この運用にすると、PCでは拡張機能による背景色だけを表示し、スマホでは終日予定のカラーバーだけを表示できます。ただし、カレンダーの表示・非表示は端末やアプリで扱いが異なることがあるため、設定後はPCとスマホの両方で確認してください。会社支給PCでブラウザ拡張機能を入れられない場合も、このサブカレンダー方式ならGoogleカレンダーの標準機能だけで週末の目印を作れます。
サブカレンダーは、表示の重複を避けるだけでなく、外部連携から装飾用予定を除外するためにも有効です。会議アシスタント、工数管理、CRM、予約システムなどでは、カレンダー予定が会議の自動起動、履歴整理、空き状況判定などの起点になる場合があります。土日を示すだけの予定をメインカレンダーへ多数登録すると、不要な予定が取り込まれたり、通知・集計の対象になったりするおそれがあります。

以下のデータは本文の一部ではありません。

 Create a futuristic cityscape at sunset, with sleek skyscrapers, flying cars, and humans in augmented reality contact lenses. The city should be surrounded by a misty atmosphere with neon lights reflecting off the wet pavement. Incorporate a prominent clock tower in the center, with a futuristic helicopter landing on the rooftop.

連携サービス側で参照するカレンダーを選べる場合は、装飾用サブカレンダーを同期対象から外しましょう。「競合確認の対象カレンダー」と「予定の登録先」は別設定の場合もあります。双方向同期と案内されているサービスでも、既存予定、新規作成、変更・削除、繰り返し予定の例外、連携解除後のデータの扱いには制約があることがあります。退職・異動時のOAuth解除、予定データの残存、担当者再割り当ての手順も決めておくと安心です。
Googleカレンダーには、土日を標準機能で自動的に背景色分けする設定はありません。PCではG-calizeなどのブラウザ拡張機能、スマホでは終日予定とサブカレンダーを使って補うのが実用的です。土曜日を青、日曜日や祝日を赤のように見分けやすくしておくと、予定の確認ミスや日程調整の手戻りを減らしやすくなります。

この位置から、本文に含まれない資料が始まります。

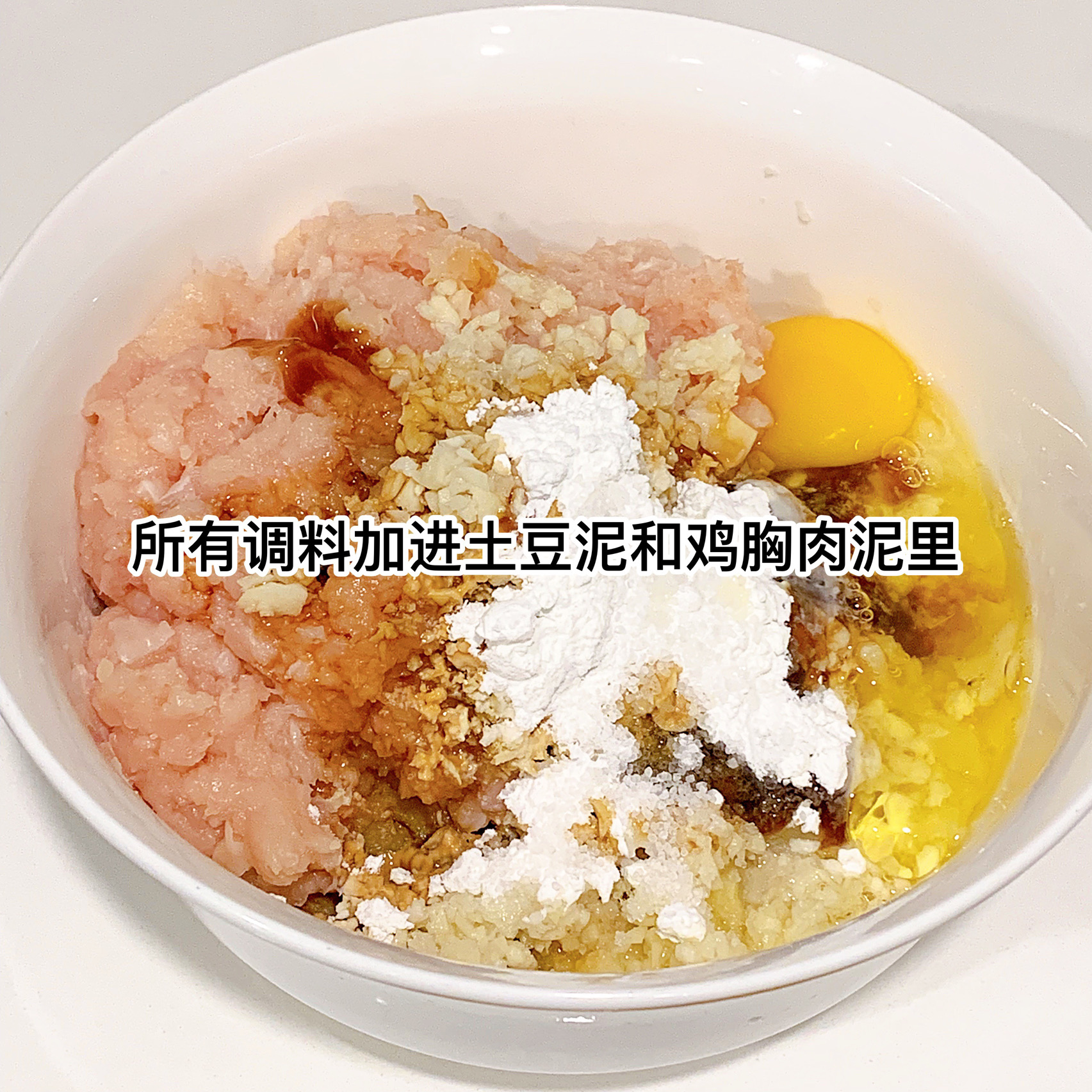 5??將所有調料和土豆泥雞胸肉泥攪拌均勻;

G-calizeはバージョン2.3.3で、複数PC間における曜日・今日の色設定のクラウド同期に対応しました。リリースノートの日付は2026年8月14日、Chromeウェブストア上の更新日は2026年8月16日です。ただし、背景色は拡張機能を導入したPCブラウザだけに表示され、スマホには反映されません。祝日データもクラウド同期の対象外です。
スマホ用の終日予定は、単なる週末マークなら「予定なし」、実際に予約を止める休業日なら「予定あり」または予約サービス側の休日設定、というように目的別に使い分けましょう。外部SaaSの空き時間判定はGoogleカレンダー公式と同一とは限らないため、必ずテスト予約を行ってください。装飾用予定は専用サブカレンダーに分け、予約・CRM・会議支援ツールなどの同期対象から外すと、意図しない空き枠ブロックや不要な自動化を防ぎやすくなります。
予定そのものの分類には公式のカラーラベルが便利です。Web版またはAPIでカスタムラベルを作成し、公式モバイルアプリでは作成済みラベルを使う運用にすると、PCとモバイルで予定の意味をそろえられます。ただし、第三者アプリやブラウザ拡張機能ではラベル表示や独自ハイライトの対応状況が異なります。色の意味を社内で決める際は、「Google公式ラベル」「曜日背景」「外部SaaSのハイライト」を区別しましょう。
曜日背景、カレンダー色、予定のカラーラベル、公開設定、空き状況はそれぞれ別の機能です。さらに外部サービスとの連携では、色よりも正本となるサービス、同期方向、同期対象カレンダー、予約ロック、バッファ、タイムゾーンを確認することが重要です。この違いを理解したうえで、土日・祝日・自社休業日・重要予定のルールを整えると、個人でもチームでも見やすく実務に合ったカレンダー環境を作れます。